Task ::
What is needed is an exact copy of every line from the one containing "- Pre-wired LED" through the end of the entries; please set it down without any pictures.

---- Record excerpts

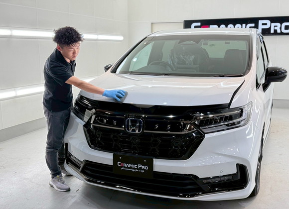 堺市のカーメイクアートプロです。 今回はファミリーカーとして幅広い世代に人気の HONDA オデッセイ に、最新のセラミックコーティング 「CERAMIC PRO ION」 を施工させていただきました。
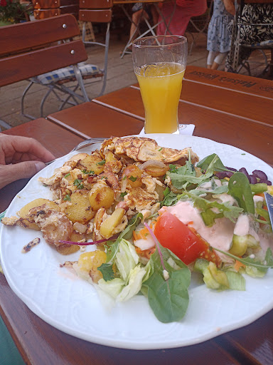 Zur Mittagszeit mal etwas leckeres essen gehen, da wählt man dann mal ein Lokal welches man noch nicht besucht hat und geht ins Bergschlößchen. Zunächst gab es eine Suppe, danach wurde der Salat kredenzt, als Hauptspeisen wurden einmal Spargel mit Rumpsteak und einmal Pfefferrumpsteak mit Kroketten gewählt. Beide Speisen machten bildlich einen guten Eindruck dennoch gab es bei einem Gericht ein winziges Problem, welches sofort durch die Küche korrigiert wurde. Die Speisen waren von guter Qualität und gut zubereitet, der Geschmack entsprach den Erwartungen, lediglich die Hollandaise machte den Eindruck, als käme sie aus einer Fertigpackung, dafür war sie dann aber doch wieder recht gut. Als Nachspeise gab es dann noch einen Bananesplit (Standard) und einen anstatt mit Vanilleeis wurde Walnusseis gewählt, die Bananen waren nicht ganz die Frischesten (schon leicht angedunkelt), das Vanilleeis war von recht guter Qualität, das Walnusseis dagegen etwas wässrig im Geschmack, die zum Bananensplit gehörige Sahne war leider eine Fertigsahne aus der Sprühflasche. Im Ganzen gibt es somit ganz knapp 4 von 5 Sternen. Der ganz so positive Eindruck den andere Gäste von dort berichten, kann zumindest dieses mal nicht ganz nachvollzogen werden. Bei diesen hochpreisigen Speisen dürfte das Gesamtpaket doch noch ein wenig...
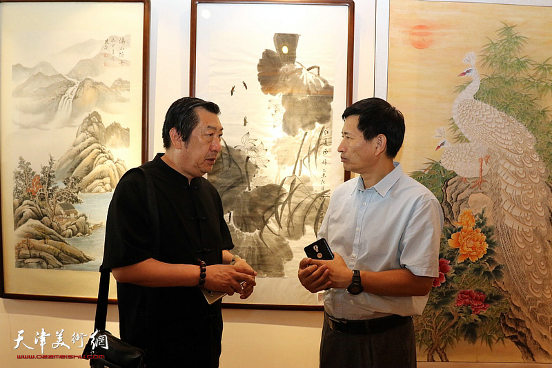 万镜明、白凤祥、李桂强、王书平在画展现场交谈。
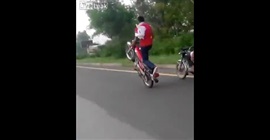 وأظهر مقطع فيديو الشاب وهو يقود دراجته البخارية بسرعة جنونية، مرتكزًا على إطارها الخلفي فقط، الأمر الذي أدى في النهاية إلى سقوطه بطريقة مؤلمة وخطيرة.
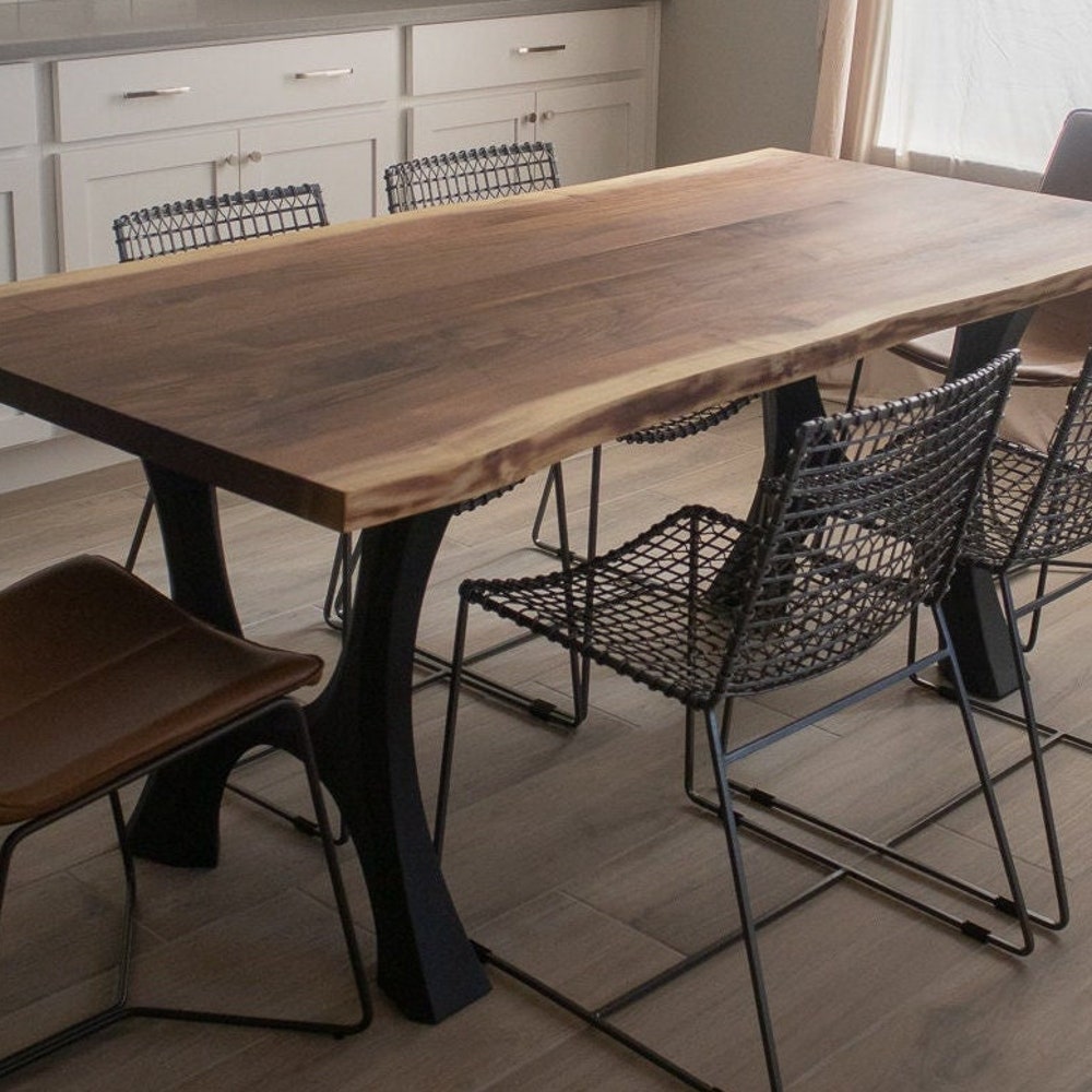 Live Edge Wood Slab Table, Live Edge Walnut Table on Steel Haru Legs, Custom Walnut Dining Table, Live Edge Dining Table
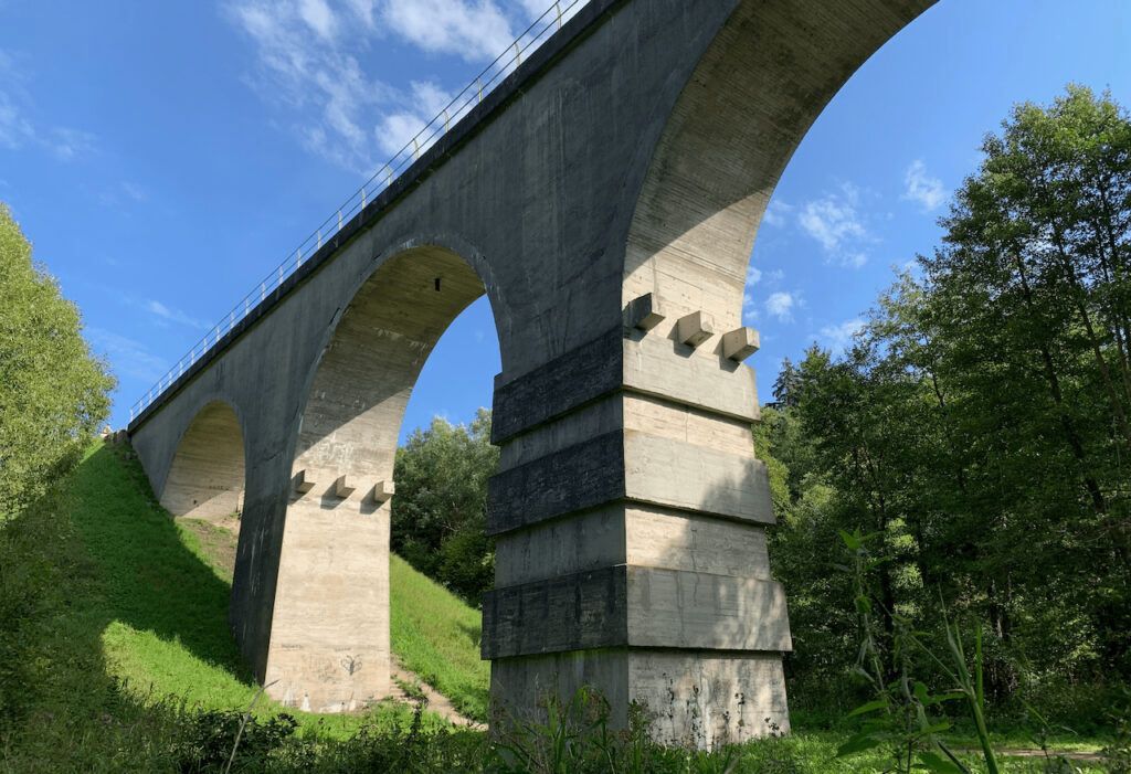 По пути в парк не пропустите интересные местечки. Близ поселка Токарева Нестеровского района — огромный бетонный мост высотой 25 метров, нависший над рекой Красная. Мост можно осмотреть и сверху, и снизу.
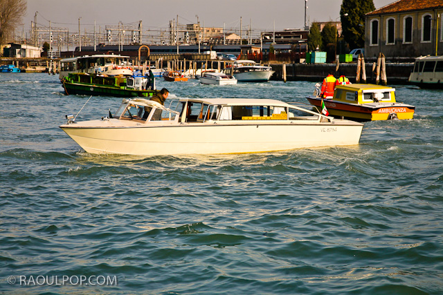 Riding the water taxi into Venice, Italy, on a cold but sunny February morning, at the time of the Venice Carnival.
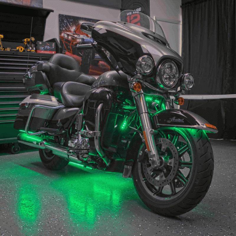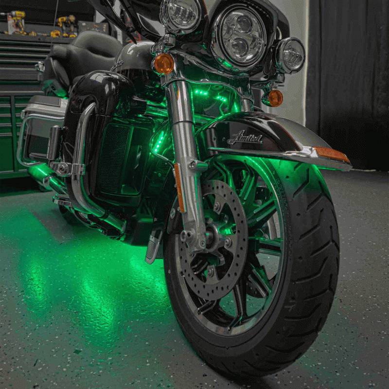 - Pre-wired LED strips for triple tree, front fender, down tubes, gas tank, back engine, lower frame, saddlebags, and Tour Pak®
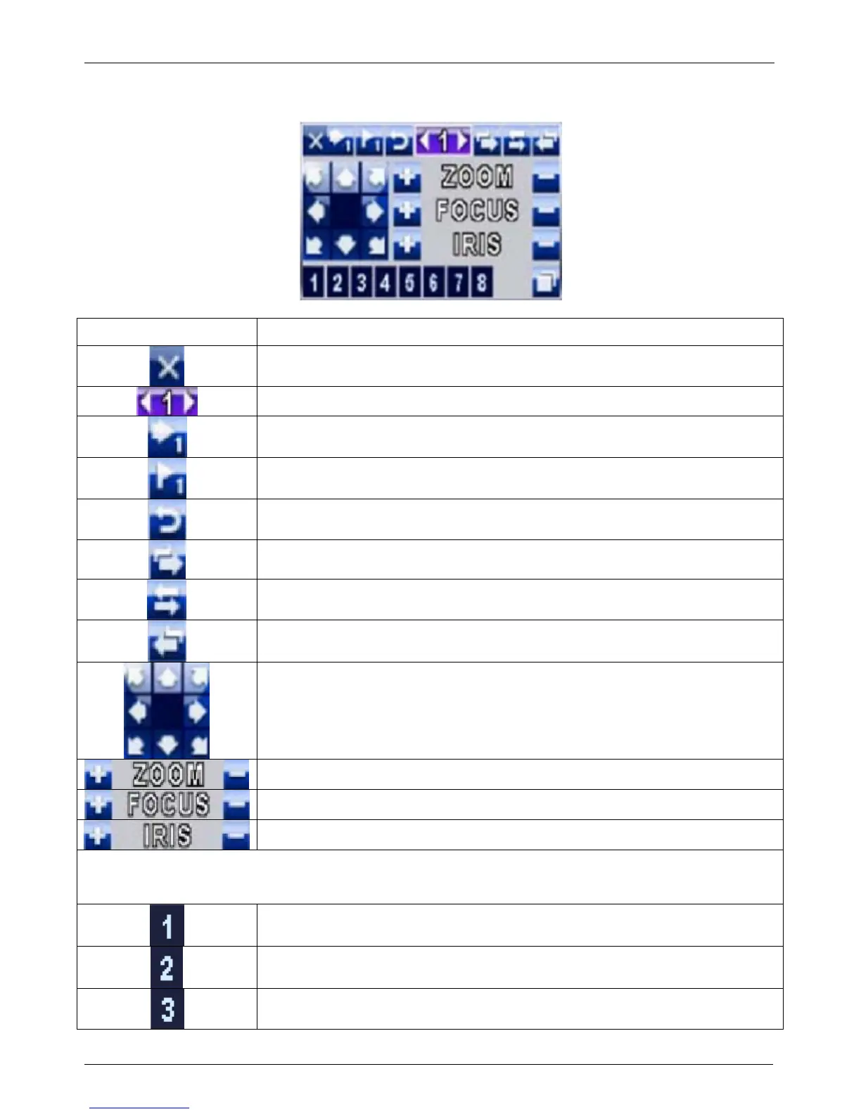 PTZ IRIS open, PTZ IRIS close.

--------

Exercise output ::
 - Pre-wired LED strips for triple tree, front fender, down tubes, gas tank, back engine, lower frame, saddlebags, and Tour Pak®
 PTZ IRIS open, PTZ IRIS close.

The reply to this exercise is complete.